Apart from local birding, he has also already birded on 6 of the world’s 7 continents and has also been invited to represent South Africa at the World Birding Rally in Peru twice already and at the Champions of the Flyway in Israel, both competitions where teams from across the world race against each other to see who can see the most species within a specified time.

He describes himself as passionate about birds (and all wildlife), but those close to him would rather have it referred to as obsessive or just plain crazy. We’ll leave it to the rest of you to decide…

Interesting ornithology, you say

Birding terminology to impress your friends

By profession, ornithologists study birds. They may or may not be keen birders.

You go birding with birders. Birdwatching is an acceptable term, but birdspotting is not. Birders are not fanatical. They have a keen interest in birds and may have a list or two of confirmed species sightings.

Twitchers are fanatical birders and list-keepers. Their readiness to jump at any rare sighting is described as twitching.

Birders and twitchers keep lists of the birds they have seen. Well-travelled birders may have country lists or a world list.

Amateur birders are more likely to have a life list. Fanatical twitchers will have regional lists. When a bird is identified and verified, it gets a tick on the list.

A rare bird, or a mega, gets a megatick.

Birders use bins (or binoculars).

A BOP is a bird of prey; an LBJ is a little brown job – a small, brown bird that resembles many other small, brown birds, mostly an immature or female bird.

Dimorphism is the difference in appearance and form between female and male individuals of the same species. In most cases the males of the species that display dimorphism are bright and colourful, while the females are drably dressed.

Collective nouns for birds

  • A kettle of hawks
  • A murder of crows
  • A paddling of ducks
  • A congregation of eagles
  • A charm of finches
  • An ascension of larks
  • A parliament of owls
  • A knot of sparrows
  • A gulp of swallows

Of the world’s 10 000 bird species, around 2 500 are endemic. If you want to see these birds, you’ll have to travel to where they live, since they don’t live anywhere else.

When approaching a possible sighting and the bird flies away, it’s called flushing. As in, “You flushed that bird out by driving too close to that tree.”

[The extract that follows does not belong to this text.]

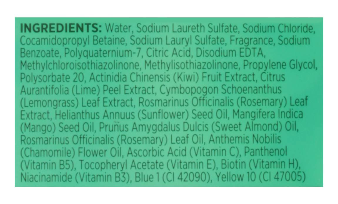 Ingredients: Water, Sodium Laureth Sulfate, Sodium Chloride Cocamidopropyl Betaine, Sodium Lauryl Sulfate, Fragrance, Sodium Benzoate, Polyquaternium-7, Citric Acid, Disodium EDTA, Methylchloroisothiazolinone, Methylisothiazolinone, Propylene Glycol, Polysorbate 20, Actinidia Chinensis (Kiwi) Fruit Extract, Citrus Aurantifolia (Lime) Peel Extract, Cymbopogon Schoenanthus (Lemongrass) Leaf Extract, Rosmarinus Officinalis (Rosemary) Lear Extract, Helianthus Annuus (Sunflower) Seed Oi1, Mangifera Indica (Mango) Seed Oil, Prunus Amygdalus Dulcis (Sweet Almond) Oil, Rosmarinus Officinalis (Rosemary) Leaf Oil, Anthemis Nobilis (Chamomile) Flower Oil, Ascorbic Acid (Vitamin C), Panthenol (Vitamin B5), Tocopheryl Acetate (Vitamin E), Biotin (Vitamin H), Niacinamide (Vitamin B3), Blue 1 (CI 42090), Yellow 10 (CI 47005) Contains: Almonds

A pish is an imitation birdcall used by birders to attract species that they may not otherwise see. Pishing is when you make a “pish” sound through pursed lips. The call attracts other birds in the vicinity that come to see what the sound is about, or why the threatening calls are being made.

A scrape isn’t a scratch – it’s a type of bird’s nest. Simple in construction, a scrape is a shallow dent in the soil or vegetation that has a rim deep enough to keep eggs from rolling away. Sometimes lined with bits of leaves, feathers and shell, scrapes also camouflage the eggs. So who builds a scrape? Ostriches, duck species, shorebirds, falcons and sand grouse, among others.

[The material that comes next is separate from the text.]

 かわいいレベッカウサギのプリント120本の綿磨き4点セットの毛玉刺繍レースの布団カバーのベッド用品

Birds that eat fruit are frugivorous.

The lores is the space between the eye and the upper part of the bird’s bill, sometimes used to verify an identification in the event of an inconspicuous sighting.

By contrast, the poll describes the part of the head between the ears, or the top of the head.

A bird’s need to travel is known as zugunruhe. It’s best described as seasonal restlessness and most aptly applied to birds that migrate.